Einer der Gründe dafür, dass sich das Finanzsystem in einer Abwärtsspirale befindet, ist das Risikomanagement der Banken. In den marktbegeisterten 1990er Jahren wurde die Bewertungsmethode für Bankbilanzen geändert. Ihre Guthaben werden seither zu Marktpreisen bewertet („marking to market“). Hinter dieser Änderung steht die Überzeugung, dass Finanzmärkte effizient sind und der Marktwert immer den richtigen Wert darstellt.

Banken müssen genug Kapital halten, um mögliche Verluste in ihrem Portfolio zu verkraften. In der gegenwärtigen Situation steigt sowohl der „value at risk“, also die möglichen Verluste, zudem sind die Marktpreise selbst für sicherste Wertpapiere gefallen, diese werden also niedriger bewertet.
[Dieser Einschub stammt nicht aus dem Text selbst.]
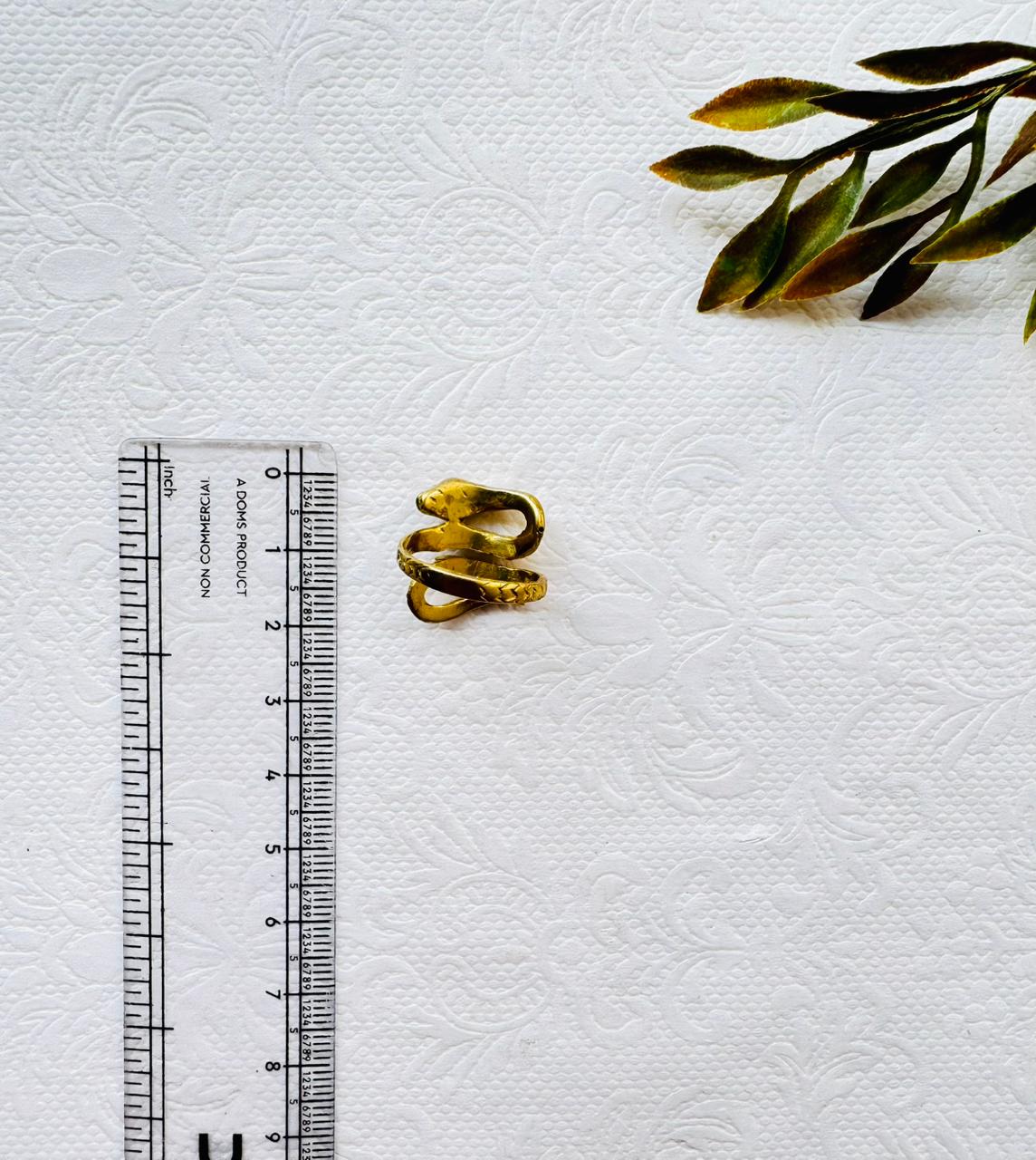 Intricately handcrafted brass snake ring featuring a coiled serpent design, symbolizing transformation, power, and protection. Adjustable and perfect for bohemian, gothic, or tribal-inspired jewelry collections.

Die Banken müssen deshalb mehr Kapital aufnehmen oder die Risiken reduzieren. Letzteres tun sie, in dem sie Wertpapiere verkaufen, höhere Sicherheitsmargen für ihre Kredite verlangen (dies wird „hair cut“ – Haarschnitt – genannt) oder Kredite nicht verlängern. Jeder Versuch einer einzelnen Bank ihre Risiken zu reduzieren treibt Preise nach unten oder Schuldner in die Zahlungsunfähigkeit, schafft also neue Risiken, die wiederum eine Anpassung verlangen – deshalb die Abwärtsspirale.

Diese könnte nur dann gestoppt werden, wenn die Banken entweder so viel neues Kapital aufnehmen könnten, um die höheren Risiken zu tragen oder die Preise steigen und das Risiko zurück geht. Beides ist nicht gerade wahrscheinlich. Banken werden also weiter versuchen, Risiken aus ihren Bilanzen zu schaffen. Die Liquidität, welche die US und andere Zentralbanken anbieten, ist ebenfalls kein Mittel gegen zu viele Risiken in den Bankbilanzen. Denn bisher können die Banken schlechte Wertpapiere nur temporär gegen gute eintauschen, sie müssen sie später wieder zurück nehmen.

In den nächsten Wochen und Monaten wird also mit Sicherheit eine heisse Debatte geführt werden ob und unter welchen Bedingungen die Zentralbanken den Banken die faulen Kredite abkaufen sollen („bail out“). Eines steht jedenfalls schon fest, die Banken müssen gezwungen werden, in Zukunft sehr viel mehr Kapital zu halten. Das war nämlich der Clou am „marking to the market“, so lange die Preise generell stiegen und Risiken niedrig bewertet wurden, konnten die Banken immer mehr Kredit vergeben. Die Rechnung dafür, wird jetzt präsentiert.